#### The data ####
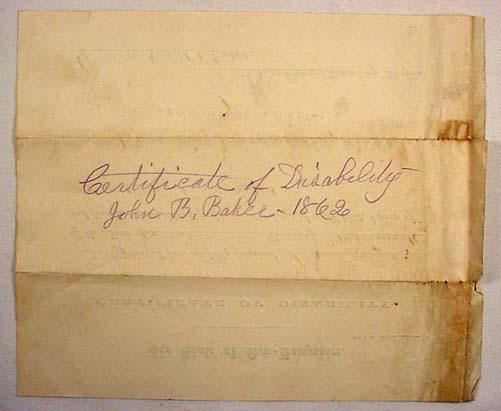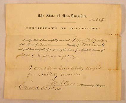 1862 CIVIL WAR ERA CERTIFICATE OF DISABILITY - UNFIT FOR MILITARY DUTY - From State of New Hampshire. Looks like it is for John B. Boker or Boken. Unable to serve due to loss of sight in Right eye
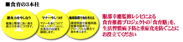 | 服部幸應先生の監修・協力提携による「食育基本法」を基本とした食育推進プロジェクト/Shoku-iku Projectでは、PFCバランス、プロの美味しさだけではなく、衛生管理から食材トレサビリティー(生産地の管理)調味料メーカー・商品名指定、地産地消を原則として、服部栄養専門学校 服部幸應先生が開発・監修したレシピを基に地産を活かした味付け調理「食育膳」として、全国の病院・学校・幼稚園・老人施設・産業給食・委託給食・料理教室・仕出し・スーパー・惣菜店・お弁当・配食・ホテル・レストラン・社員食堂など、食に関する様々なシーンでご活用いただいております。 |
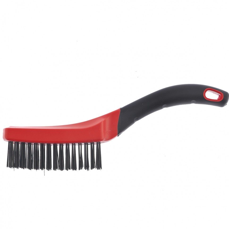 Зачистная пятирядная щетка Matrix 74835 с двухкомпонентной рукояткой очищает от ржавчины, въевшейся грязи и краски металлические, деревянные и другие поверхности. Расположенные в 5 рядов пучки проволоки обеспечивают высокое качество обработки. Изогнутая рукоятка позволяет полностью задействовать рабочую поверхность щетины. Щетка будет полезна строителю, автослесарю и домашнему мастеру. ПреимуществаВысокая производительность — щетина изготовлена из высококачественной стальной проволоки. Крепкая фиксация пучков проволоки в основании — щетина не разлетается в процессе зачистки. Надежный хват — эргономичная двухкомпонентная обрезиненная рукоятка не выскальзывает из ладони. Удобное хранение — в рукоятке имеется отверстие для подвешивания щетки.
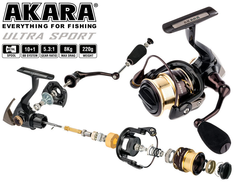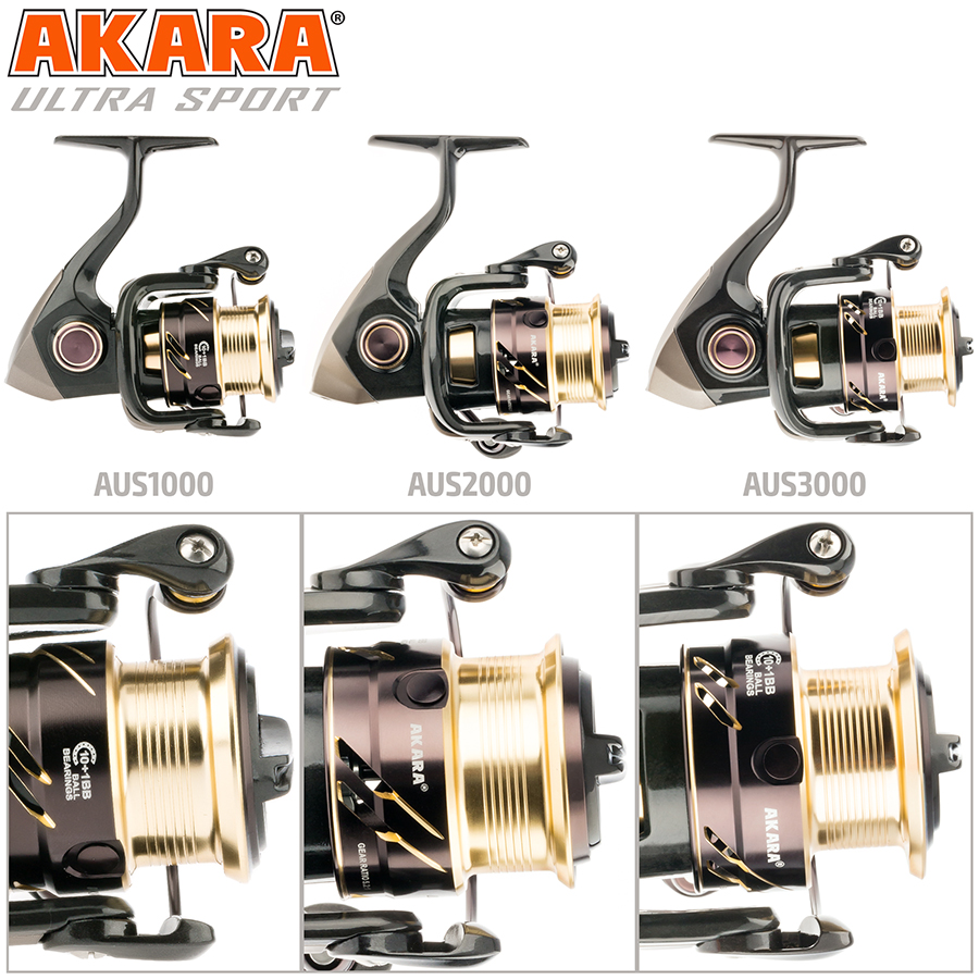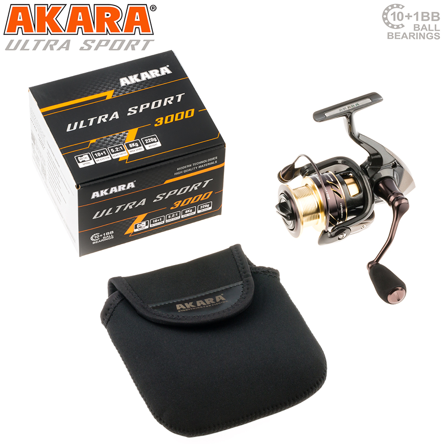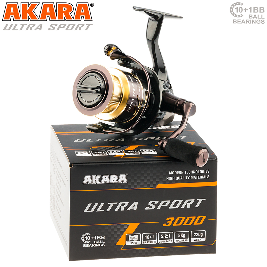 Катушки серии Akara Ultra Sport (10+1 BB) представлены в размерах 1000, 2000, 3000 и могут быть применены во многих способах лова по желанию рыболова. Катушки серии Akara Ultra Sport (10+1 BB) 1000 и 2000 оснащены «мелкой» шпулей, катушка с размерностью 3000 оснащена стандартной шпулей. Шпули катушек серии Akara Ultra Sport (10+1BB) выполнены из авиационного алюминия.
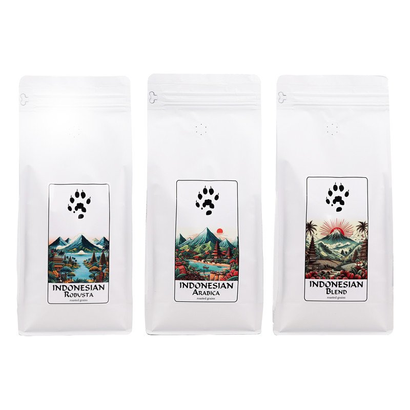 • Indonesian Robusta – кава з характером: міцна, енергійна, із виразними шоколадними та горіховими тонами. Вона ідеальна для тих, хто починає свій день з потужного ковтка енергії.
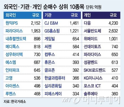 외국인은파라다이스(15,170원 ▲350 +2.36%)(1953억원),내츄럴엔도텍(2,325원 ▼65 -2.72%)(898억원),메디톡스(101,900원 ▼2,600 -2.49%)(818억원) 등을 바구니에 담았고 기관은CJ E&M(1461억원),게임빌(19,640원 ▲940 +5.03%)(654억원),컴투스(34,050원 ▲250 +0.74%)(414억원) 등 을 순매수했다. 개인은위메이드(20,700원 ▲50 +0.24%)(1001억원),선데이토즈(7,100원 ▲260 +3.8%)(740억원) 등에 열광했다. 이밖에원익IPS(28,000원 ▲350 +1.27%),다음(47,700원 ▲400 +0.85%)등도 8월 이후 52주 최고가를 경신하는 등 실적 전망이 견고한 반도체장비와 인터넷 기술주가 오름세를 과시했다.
####
#### The data ####
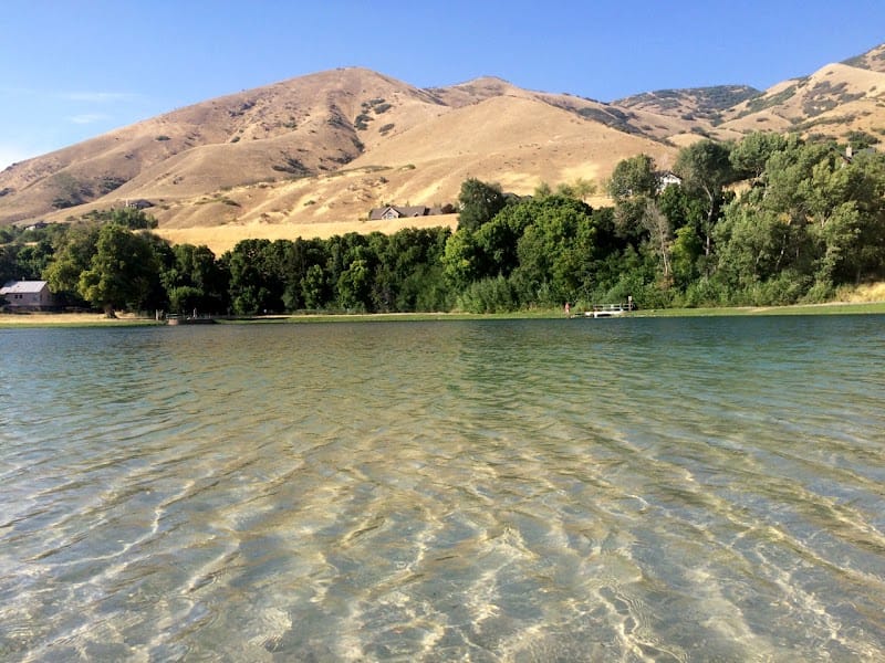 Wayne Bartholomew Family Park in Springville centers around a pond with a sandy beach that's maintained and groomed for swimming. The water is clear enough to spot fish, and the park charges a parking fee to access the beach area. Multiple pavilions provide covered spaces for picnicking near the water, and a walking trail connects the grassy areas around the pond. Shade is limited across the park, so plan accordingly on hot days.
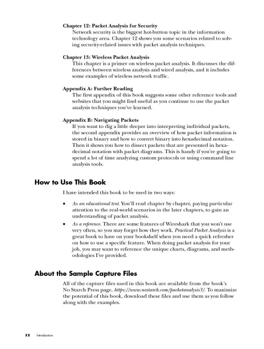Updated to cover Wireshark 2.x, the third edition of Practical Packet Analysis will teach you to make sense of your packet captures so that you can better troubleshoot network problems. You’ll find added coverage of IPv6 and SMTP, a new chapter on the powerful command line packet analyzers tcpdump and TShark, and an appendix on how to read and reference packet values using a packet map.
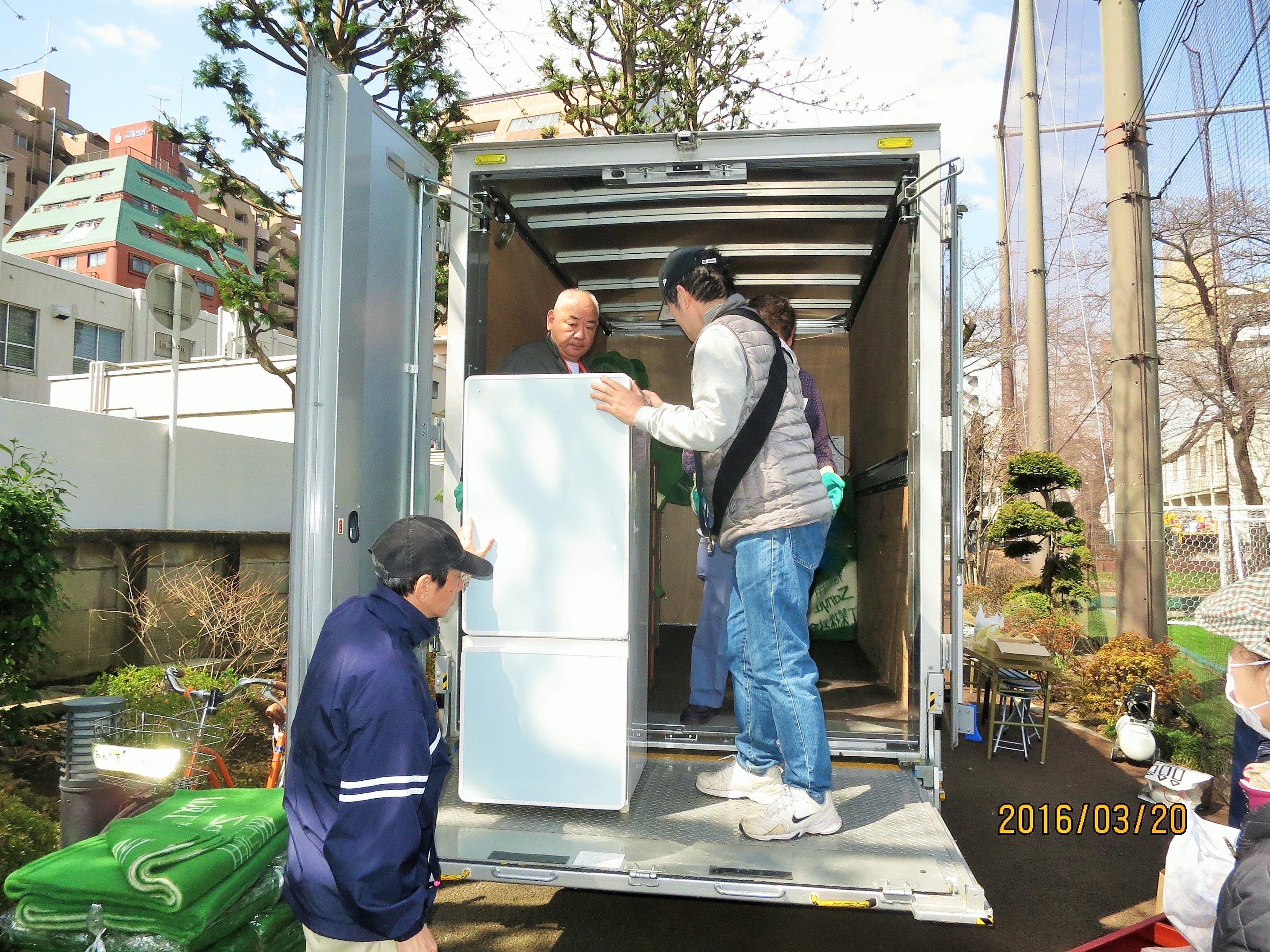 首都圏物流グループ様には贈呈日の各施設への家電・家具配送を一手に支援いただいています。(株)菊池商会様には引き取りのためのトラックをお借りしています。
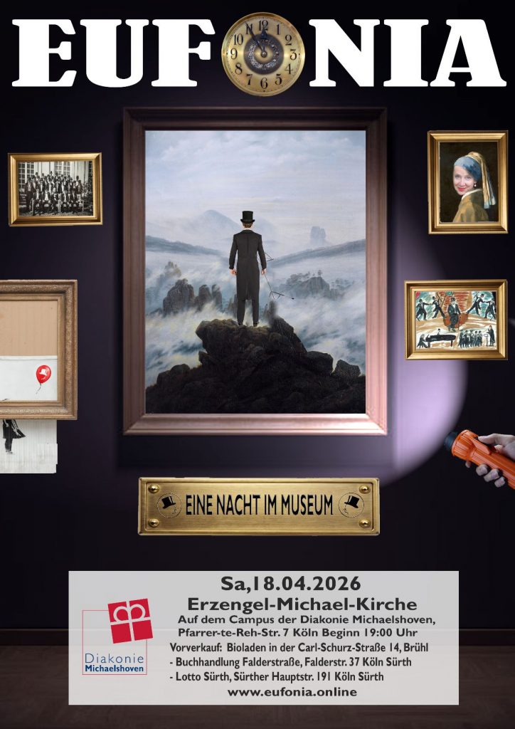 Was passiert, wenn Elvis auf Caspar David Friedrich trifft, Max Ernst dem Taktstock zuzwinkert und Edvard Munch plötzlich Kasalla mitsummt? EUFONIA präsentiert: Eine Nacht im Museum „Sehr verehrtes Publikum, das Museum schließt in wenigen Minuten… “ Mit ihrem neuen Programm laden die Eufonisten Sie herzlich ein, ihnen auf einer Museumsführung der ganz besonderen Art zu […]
####
## Problem
Whatever pictures the records hold, omit them; give again exactly the lines from the one containing "首都圏物流グループ様には贈呈" through the one containing "Was passiert, wenn".

## Response to the task
 首都圏物流グループ様には贈呈日の各施設への家電・家具配送を一手に支援いただいています。(株)菊池商会様には引き取りのためのトラックをお借りしています。
 Was passiert, wenn Elvis auf Caspar David Friedrich trifft, Max Ernst dem Taktstock zuzwinkert und Edvard Munch plötzlich Kasalla mitsummt? EUFONIA präsentiert: Eine Nacht im Museum „Sehr verehrtes Publikum, das Museum schließt in wenigen Minuten… “ Mit ihrem neuen Programm laden die Eufonisten Sie herzlich ein, ihnen auf einer Museumsführung der ganz besonderen Art zu […]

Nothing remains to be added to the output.